▶ [Given data]
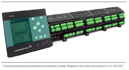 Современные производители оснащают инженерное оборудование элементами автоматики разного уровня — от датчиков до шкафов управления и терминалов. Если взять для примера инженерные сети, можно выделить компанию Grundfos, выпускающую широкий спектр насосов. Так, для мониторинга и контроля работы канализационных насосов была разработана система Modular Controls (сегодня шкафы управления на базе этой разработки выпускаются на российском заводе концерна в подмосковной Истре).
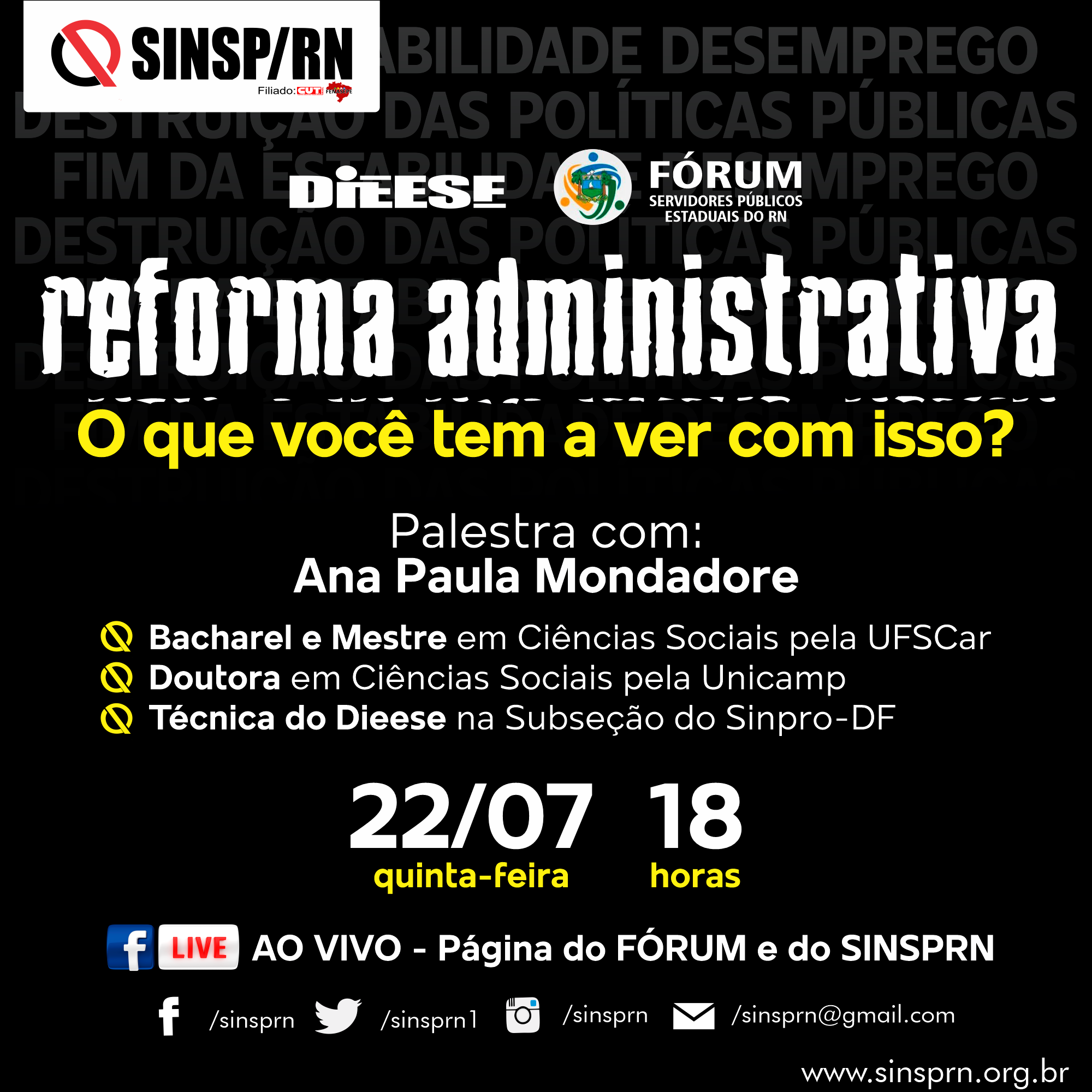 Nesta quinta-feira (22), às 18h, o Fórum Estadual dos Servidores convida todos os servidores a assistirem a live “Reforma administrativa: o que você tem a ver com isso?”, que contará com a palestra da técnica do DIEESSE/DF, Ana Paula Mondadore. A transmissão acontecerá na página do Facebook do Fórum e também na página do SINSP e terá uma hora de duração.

--

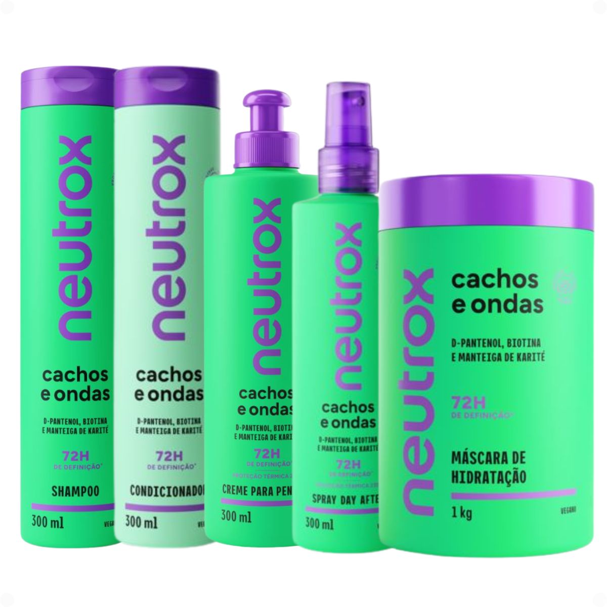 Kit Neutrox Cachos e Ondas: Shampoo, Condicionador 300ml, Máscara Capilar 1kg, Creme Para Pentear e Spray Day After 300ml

* * *

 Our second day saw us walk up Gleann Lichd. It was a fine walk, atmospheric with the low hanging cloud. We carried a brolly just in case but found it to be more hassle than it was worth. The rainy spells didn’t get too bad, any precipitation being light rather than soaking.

▶ [Exercise] Range to print from the listing above: from the line with "Современные производители оснащают" up to and including the line with "Nesta quinta-feira (22), às". Please print those lines exactly, with no pictures and nothing more.

▶ [Finished exercise]
 Современные производители оснащают инженерное оборудование элементами автоматики разного уровня — от датчиков до шкафов управления и терминалов. Если взять для примера инженерные сети, можно выделить компанию Grundfos, выпускающую широкий спектр насосов. Так, для мониторинга и контроля работы канализационных насосов была разработана система Modular Controls (сегодня шкафы управления на базе этой разработки выпускаются на российском заводе концерна в подмосковной Истре).
 Nesta quinta-feira (22), às 18h, o Fórum Estadual dos Servidores convida todos os servidores a assistirem a live “Reforma administrativa: o que você tem a ver com isso?”, que contará com a palestra da técnica do DIEESSE/DF, Ana Paula Mondadore. A transmissão acontecerá na página do Facebook do Fórum e também na página do SINSP e terá uma hora de duração.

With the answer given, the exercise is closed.